Given his status as a Truth Speaker, a state that commonly occurs in non-Western countries simply because there is more of an acceptance of the reality of the supernatural than in more developed countries, he is, along with others like him such as Margot (who he can’t admit to loving lest she die) and Saira and Hideo, much in demand from spy services around the world who are anxious to know what is really happening in the hearts of men in the simmering chaos of the late-nineteenth and early-twentieth centuries.

As the world stumbles drunkenly towards the horrors of World War 1, William is conscripted into the world of imperial espionage where the truth, such as it is and always coloured by self-perception as much as the facts (again these vary from person to person and country to country), and begins to wonder through a series of life-changing events whether Langa is a curse or some kind of blessing.

It’s a salient, pressing question, one that is brought into even sharper relief by the fact that much of what constitutes our truth is borne of the decision we make and the consequences that result from them, something that affects William, despite his unusual and altered state as any of us.
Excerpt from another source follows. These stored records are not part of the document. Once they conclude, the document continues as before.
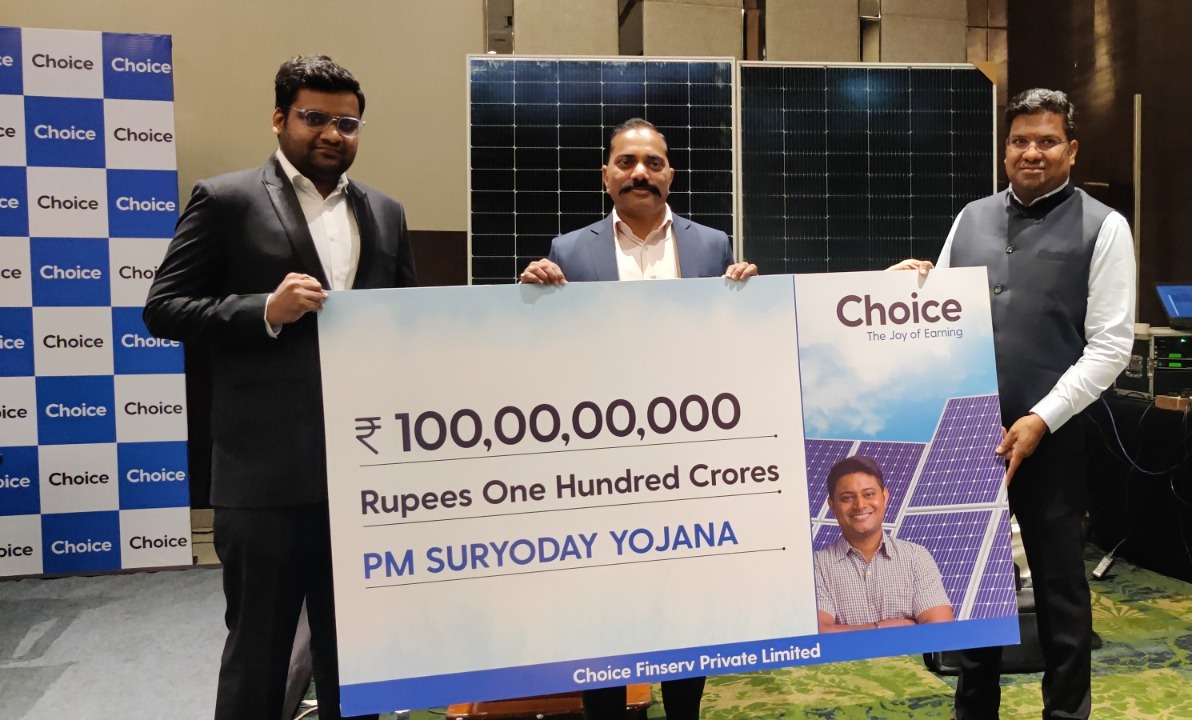 Jaipur: Choice Finserv Private Limited (subsidiary and Non-Banking Financial Company (NBFC) arm of Choice International Ltd) announced a significant commitment of Rs. 100 crores towards Solar Financing as part of the Pradhan Mantri Suryoday Yojana. The major announcement was made today in Jaipur, reflecting Choice’s dedication to supporting the government’s vision of promoting solar energy and sustainable development.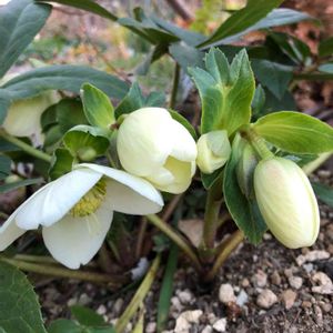我が家のクリスマスローズが咲き始めました♪地面に低い所に咲いているのでパチリするのが大変😃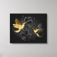 Colibris de bijoux en noir et or sur arrière - plan gris décoré de plantes. Bijoux. Oiseau doré. Oiseau d'or.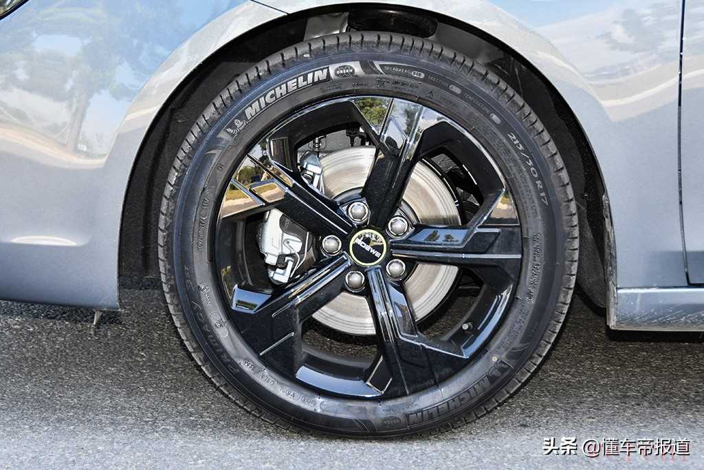 该车配备了17英寸的轮辋,其尺寸对于这个级别的车型来说刚刚好,在视觉效果上很协调。轮胎则选用了米其林的浩悦3st,主打静音和节能效果,实际使用中确实对NVH表现做出了一定的贡献。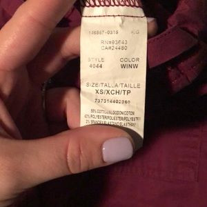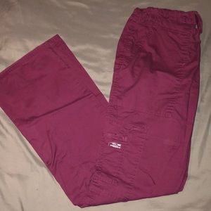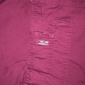 multi colored scrub top and wine colored scrub bottoms ; multiple pockets in both top and bottom. being sold as a set or if interested comment/message for individual sale. good condition. both are size XS

Throughout The Pursuit of William Abbey, an at times fantastical and yet wholly grounded in raw, self-interested humanity tale of choices and the myriad twisted versions of the truth that result from them, William realises again and again how much we are products of the way we respond to situation, even one as bizarre as his.

“If you look down at the battlefield, you can see them now, I think, one running into the darkness, the other following. I do not know what will become of them; I do not know whether death is mercy, or love is easy, or vengeance is peace, or if all these things are lies, or truth, or if it is the truest thing of all to say that life is all of these, all of these truths together, in perfect contradiction, blinding us to a greater truth than what lies beneath.” (PP 419-420)

One thing that does become apparent is that while William may feel all his choice have been stripped from him, he still retains the capacity to make good and bad decisions.

Against a global backdrop of raw geopoliticking, shifting alliances and constantly morphing loyalties, he discovers that no matter the evils dealt out to him by Langa but more likely by the people he encounters such as his boss Albert or fellow spies like Ritte, he can always choose the higher road.

In other words, while his state is one that dissociates him from the normal affairs of other people and plunges him into a world where morality and ethics only count if they benefit your own interests in some way (there is, for want of a better term, any kind of absolute truth at work here), he can still choose to be human, to given power and action to his better impulses, no matter how he might perceive himself.

With reasoning on the human condition so truthfully insightful and beautifully expressed that you will gasp with the delight of reading them even as your mind clamps onto the inherent truth within like a long-lost epiphany, The Pursuit of William Abbey is at heart a deep dive into the way people perceive themselves, the great chasm that exists between reality and perception and how this affects not just individual lives but those of society as a whole.